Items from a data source
________________________
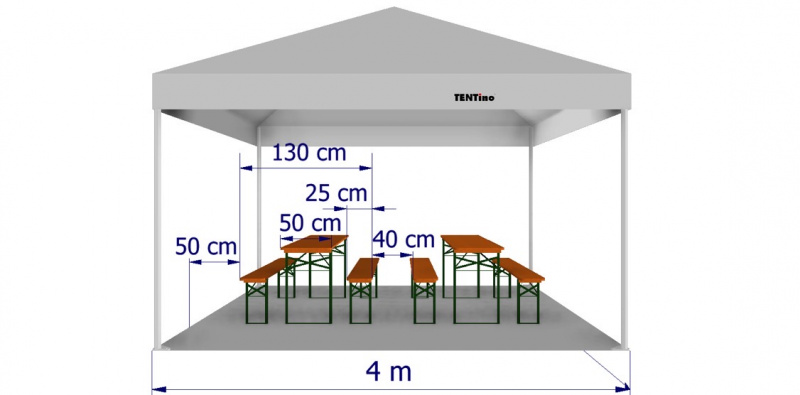 Kolik pivních setů 220 cm se vejde do párty stanu 4x4 m?
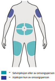 Du kan injisere i låret eller magen, bortsett fra 5 cm rundt navlen din.
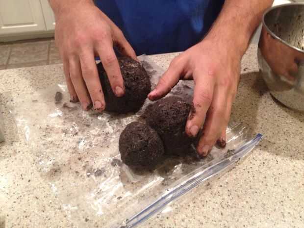 Rodillo oreos mezcladas a los tamaños adecuados... Pequeñas, medianas y grandes
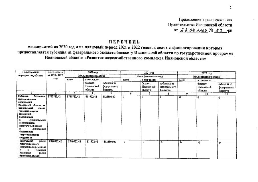 Распоряжение Правительства Ивановской области от 28.04.2020 N 53-рп "Об утверждении перечня мероприятий на 2020 год и на плановый период 2021 и 2022 годов, в целях софинансирования которых предоставляется субсидия из федерального бюджета бюджету Ивановской области по государственной программе Ивановской области "Развитие водохозяйственного комплекса Ивановской области"
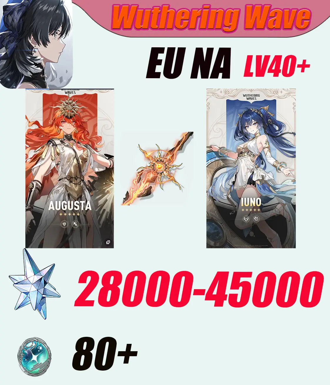 [NA]LV40|[Augusta+Augusta arms]+Iuno+28000-30000 Star Voice||80+ Summoning Vortex|Random gender|Wuthering Waves
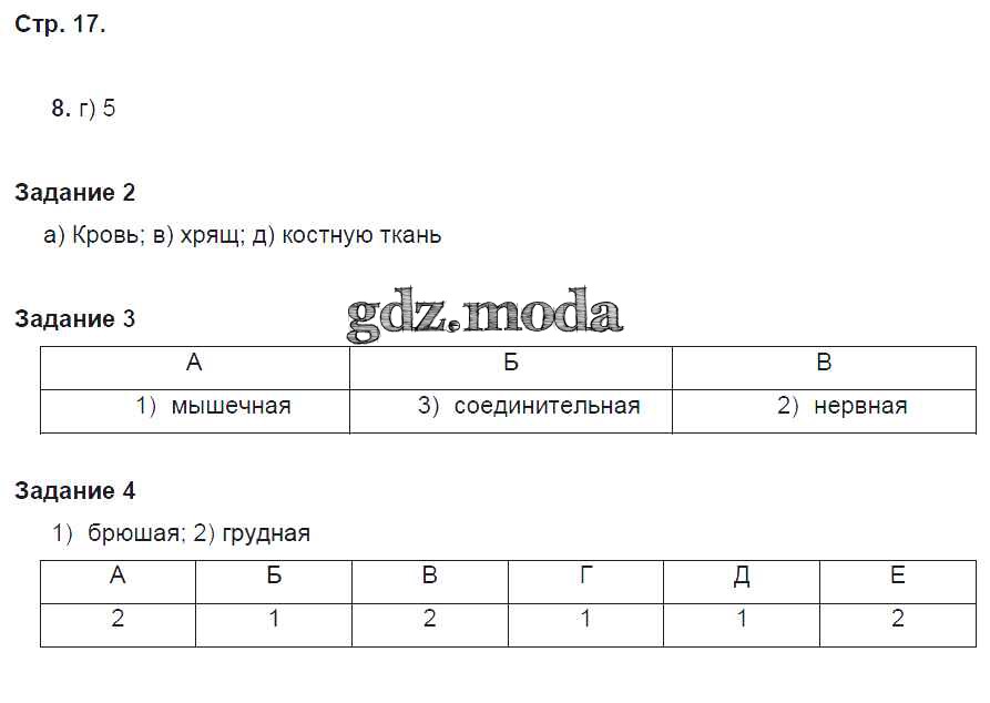 ГДЗ решение к заданию № 17 Биология 8 класс рабочая тетрадь Маш Р.Д. Вентана-граф 2019 Часть 1, Часть 2 ФГОС бесплатно на гдз.мода!
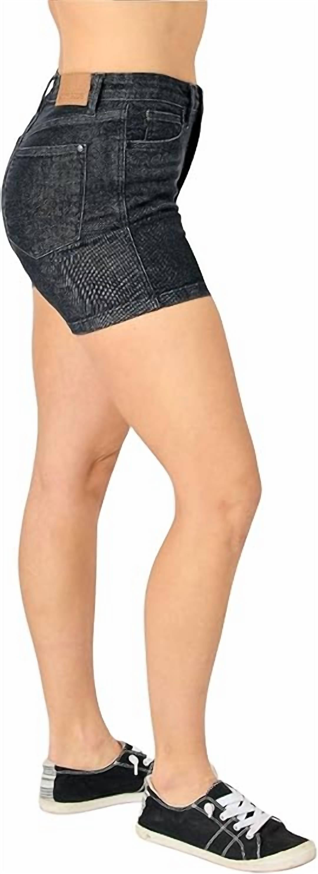 Introducing the Judy Blue Women's High-Rise Tummy Control Washed Black Denim Shorts, a perfect blend of fashion and function. These shorts feature a high-rise waist with built-in tummy control for a flattering silhouette and a washed black finish for versatility. With a structured design and classic five-pocket style, they boast a rise of 11" and an inseam of 4". 92% Cotton, 7% Polyester, 1% Spandex. Button closure. Machine wash and tumble dry.
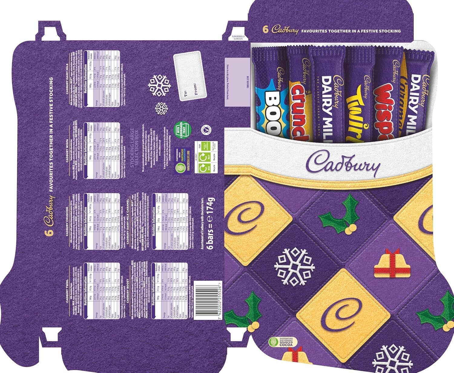 Cadbury Chocolate Stocking Selection 4 Boxes with Unique Topline Christmas Card – 179g makes the ideal Christmas sweets for any chocolate lover, just make sure you get it in time to enjoy it on the run-up to Christmas. One-of-a-kind Christmas chocolates for kids from Cadbury this season of giving. The must-have Christmas chocolate box this year. A 179g box of Cadbury All I Want for Xmas chocolate sweets bulk featuring six of your favourite treats – 1 Cadbury Double Decker, 2 x Cadbury Dairy Milk, 1 Cadbury Crunchie, 1 Cadbury Wispa and 1 Cadbury Twirl chocolate bars for Childrens.
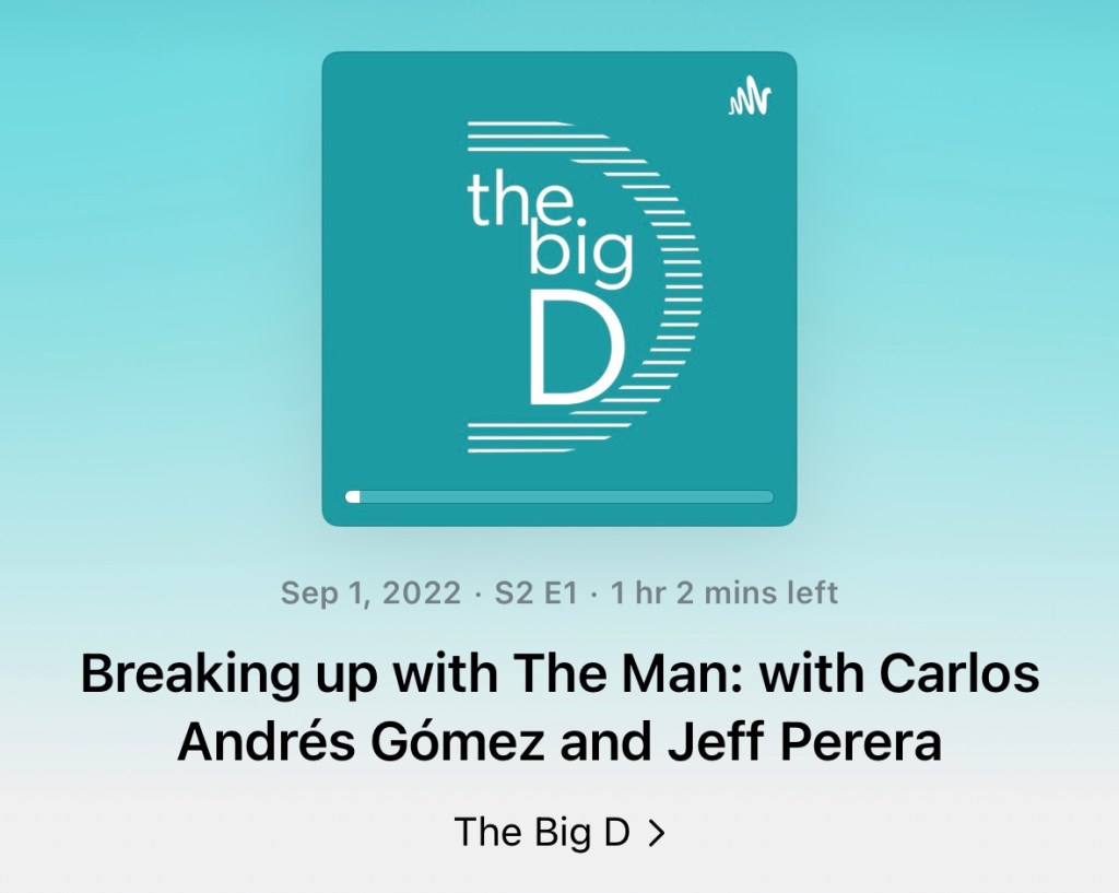 Carlos Andrés Gómez and Jeff Perera join The Big D podcast to “talk about helpful and unhelpful ideas of manhood and how they influence relationships. And of course, breakups. These unhelpful ideas of masculinity are not intrinsic to men or masculine people. So we talk a lot about character and qualities, what underpins gut reactions, and how we can do things differently. Together, Carlos and Jeff are the perfect messengers… This episode is loaded with sweet metaphors, laughs, and mic drops…”
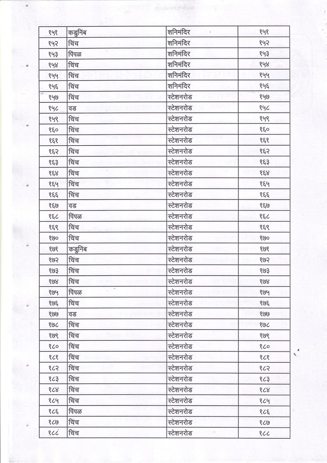 वृक्ष गणना नोंद व प्रसिद्ध यादी - 3
________________________
■ **Work item**
The records above, minus their pictures, are to be returned verbatim.

■ **The answer**
 Kolik pivních setů 220 cm se vejde do párty stanu 4x4 m?
 Du kan injisere i låret eller magen, bortsett fra 5 cm rundt navlen din.
 Rodillo oreos mezcladas a los tamaños adecuados... Pequeñas, medianas y grandes
 Распоряжение Правительства Ивановской области от 28.04.2020 N 53-рп "Об утверждении перечня мероприятий на 2020 год и на плановый период 2021 и 2022 годов, в целях софинансирования которых предоставляется субсидия из федерального бюджета бюджету Ивановской области по государственной программе Ивановской области "Развитие водохозяйственного комплекса Ивановской области"
 [NA]LV40|[Augusta+Augusta arms]+Iuno+28000-30000 Star Voice||80+ Summoning Vortex|Random gender|Wuthering Waves
 ГДЗ решение к заданию № 17 Биология 8 класс рабочая тетрадь Маш Р.Д. Вентана-граф 2019 Часть 1, Часть 2 ФГОС бесплатно на гдз.мода!
 Introducing the Judy Blue Women's High-Rise Tummy Control Washed Black Denim Shorts, a perfect blend of fashion and function. These shorts feature a high-rise waist with built-in tummy control for a flattering silhouette and a washed black finish for versatility. With a structured design and classic five-pocket style, they boast a rise of 11" and an inseam of 4". 92% Cotton, 7% Polyester, 1% Spandex. Button closure. Machine wash and tumble dry.
 Cadbury Chocolate Stocking Selection 4 Boxes with Unique Topline Christmas Card – 179g makes the ideal Christmas sweets for any chocolate lover, just make sure you get it in time to enjoy it on the run-up to Christmas. One-of-a-kind Christmas chocolates for kids from Cadbury this season of giving. The must-have Christmas chocolate box this year. A 179g box of Cadbury All I Want for Xmas chocolate sweets bulk featuring six of your favourite treats – 1 Cadbury Double Decker, 2 x Cadbury Dairy Milk, 1 Cadbury Crunchie, 1 Cadbury Wispa and 1 Cadbury Twirl chocolate bars for Childrens.
 Carlos Andrés Gómez and Jeff Perera join The Big D podcast to “talk about helpful and unhelpful ideas of manhood and how they influence relationships. And of course, breakups. These unhelpful ideas of masculinity are not intrinsic to men or masculine people. So we talk a lot about character and qualities, what underpins gut reactions, and how we can do things differently. Together, Carlos and Jeff are the perfect messengers… This episode is loaded with sweet metaphors, laughs, and mic drops…”
 वृक्ष गणना नोंद व प्रसिद्ध यादी - 3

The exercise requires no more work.